Edit: re.sub didn't take any flags, so had to compile the pattern first.

Edit2: Added character literals, since they could contain quotes that would otherwise be recognized as string delimiters.

Edit3: Fixed the case where a legal expression int/**/x=5; would become intx=5; which would not compile, by replacing the comment with a space rather then an empty string.

Scis
  • 2,934
  • 3
  • 23
  • 37
Markus Jarderot
  • 86,735
  • 21
  • 136
  • 138
  • This doesn't handle escaped " chars in strings. eg: char *some_punctuation_chars=".\"/*"; /* comment */ – Brian Oct 29 '08 at 12:45
  • Yes it does. `\\.` will match any escaped char, including `\"`. – Markus Jarderot Oct 29 '08 at 19:37
  • 4
    Also you can preserve line numbering relative to the input file by changing the first return to: return "" + "\n" * s.count('\n') I needed to do this in my situation. – atikat Feb 03 '10 at 06:27
  • So I think it would fail on various RegExp strings (e.g. `/\//` or `/\/*/` or `/'/; //blah`) and multiline strings (http://davidwalsh.name/multiline-javascript-strings). i.e. usable for simple code, but probably not for larger production codebases. If I had to use Python I would look for solutions using pynoceros or pynarcissus. If you can use node.js then UglifyJS2 is a good base for munging JavaScript code. – robocat Apr 26 '13 at 06:00
  • @robocat True. But Regex literals are not part of the C language. If you wish to parse code with Regex literals, you could add this at the end of the Regex: `|/(?:\\.|[^\\/])+/`. The condition in the `replacer()` function would also have to be tweaked. – Markus Jarderot Apr 26 '13 at 06:12
  • 1
    @markus-jarderot - Good point! I forgot it was C because I was looking for an ECMAScript solution! With C the regex can also fail on preprocessor statements (removing lines beginning with # is probably an easy fix for that issue though) so as it stands it doesn't solve "properly handles awkward cases". Also doesn't C have multiline strings using \ and does this handle those? – robocat May 08 '13 at 04:42
  • @robocat It does handle escapes, but not pre-processor statements. Neither does it handle [Digraphs and trigraphs](http://en.wikipedia.org/wiki/Digraphs_and_trigraphs), but that is normally not a problem. For pre-processor statements, you could add `|#[^\r\n]*(?:\\\r?\n[^\r\n]*)*` at the end of the regex. – Markus Jarderot May 08 '13 at 05:39
  • This fails for me (python2 and python3) on the simple string `blah "blah"` with error `TypeError: sequence item 1: expected string, module found`. – Mark Smith Mar 08 '18 at 14:20
  • It leaves a newline after removing a multi line comment. any fix for this? – Aman Deep May 12 '20 at 14:24
  • @AmanDeep You could add `[^\S\r\n]*\r?\n?` after `\*/` to include whitespace up until and including the following newline, if any. – Markus Jarderot May 13 '20 at 10:38
30

C (and C++) comments cannot be nested. Regular expressions work well:

//.*?\n|/\*.*?\*/

This requires the “Single line” flag (Re.S) because a C comment can span multiple lines.

def stripcomments(text):
    return re.sub('//.*?\n|/\*.*?\*/', '', text, flags=re.S)

This code should work.

/EDIT: Notice that my above code actually makes an assumption about line endings! This code won't work on a Mac text file. However, this can be amended relatively easily:

//.*?(\r\n?|\n)|/\*.*?\*/

This regular expression should work on all text files, regardless of their line endings (covers Windows, Unix and Mac line endings).
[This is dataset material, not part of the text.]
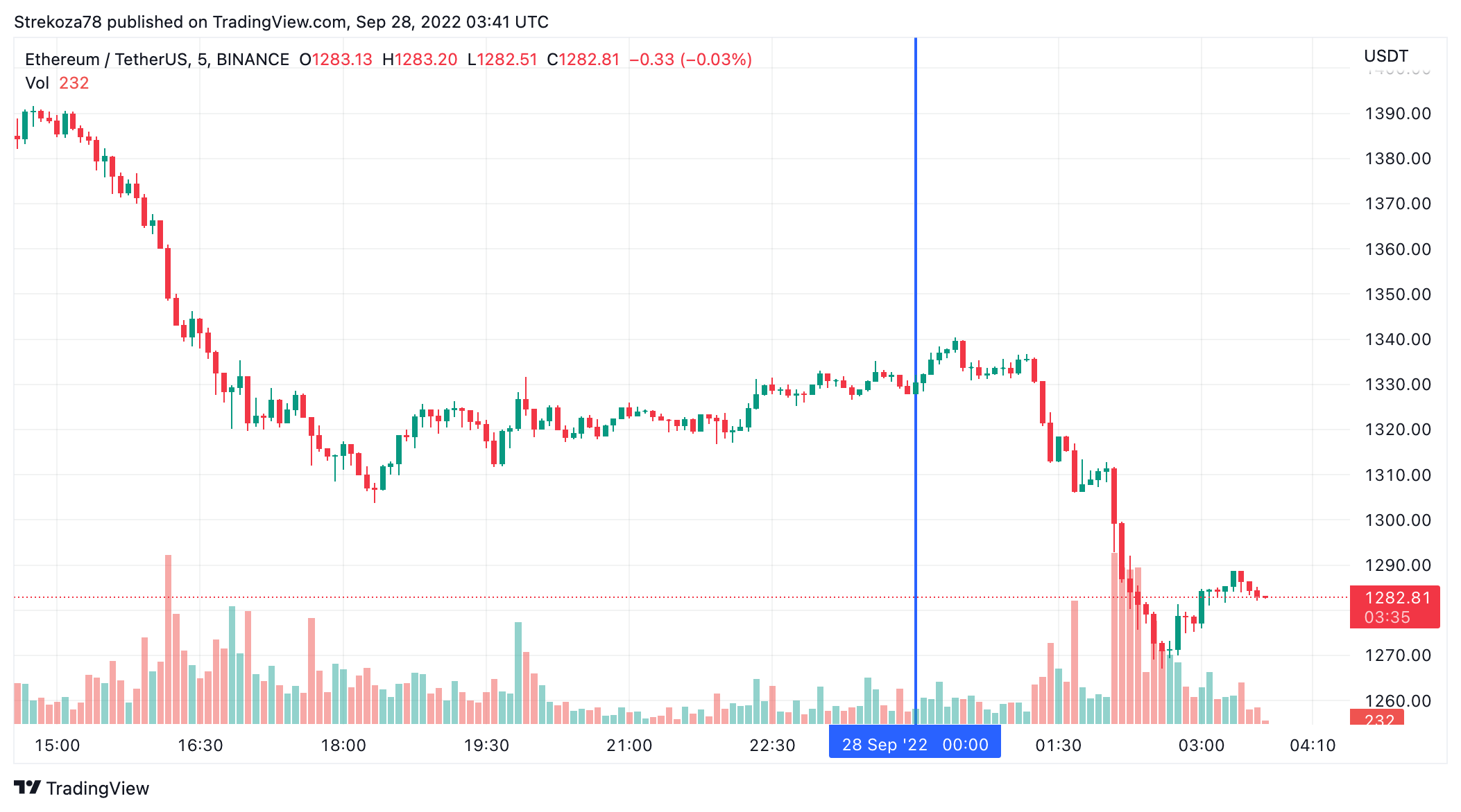 Вторая по капитализации криптовалюта Ethereum утром в среду, 28 сентября, подешевела почти на $70 и протестировала локальный минимум на уровне $1 267, потеряв таким образом все позиции, которые удалось набрать в начале недели. По состоянию на момент написания обзора монета торгуется по $1 282 (1 токен в рублях – ₽75 743).

/EDIT: MizardX and Brian (in the comments) made a valid remark about the handling of strings. I completely forgot about that because the above regex is plucked from a parsing module that has additional handling for strings. MizardX's solution should work very well but it only handles double-quoted strings.

Doron Yaacoby
  • 9,412
  • 8
  • 48
  • 59
Konrad Rudolph
  • 530,221
  • 131
  • 937
  • 1,214
  • 3
    1. use `$` and re.MULTILINE instead of `'\n', '\r\n', etc – jfs Oct 27 '08 at 21:46
  • This doesn't handle the case of a line ending in a backslash, which indicates a continued line, but that case is extremely rare – Adam Rosenfield Oct 27 '08 at 22:00
  • You've missed the replacement blank string in the re.sub. Also, this won't work for strings. Eg. consider 'string uncPath = "//some_path";' or 'char operators[]="/*+-";' For language parsing, I think you're best off using a real parser. – Brian Oct 27 '08 at 22:01
  • Your code doesn't handle abuse of comments, such as a backslash-newline in between the two start-of-comment symbols, or between the star-slash that ends a classic C-style comment. There's a strong sense in which it "doesn't matter; no-one in their right mind writes comments like that". YMMV. – Jonathan Leffler Oct 28 '08 at 17:55
  • @Jonathan: Wow, I didn't think this would compile. Redefines the meaning of “lexeme”. By the way, are there syntax highlighters (IDEs, code editors) that support this? Neither VIM nor Visual Studio do. – Konrad Rudolph Oct 28 '08 at 20:13
  • "C (and C++) comments cannot be nested." Some compilers (well, at least Borland's (free) version 5.5.1) allow nested C-style comments via a command line switch. – PTBNL Aug 18 '09 at 14:47
7

Don't forget that in C, backslash-newline is eliminated before comments are processed, and trigraphs are processed before that (because ??/ is the trigraph for backslash). I have a C program called SCC (strip C/C++ comments), and here is part of the test code...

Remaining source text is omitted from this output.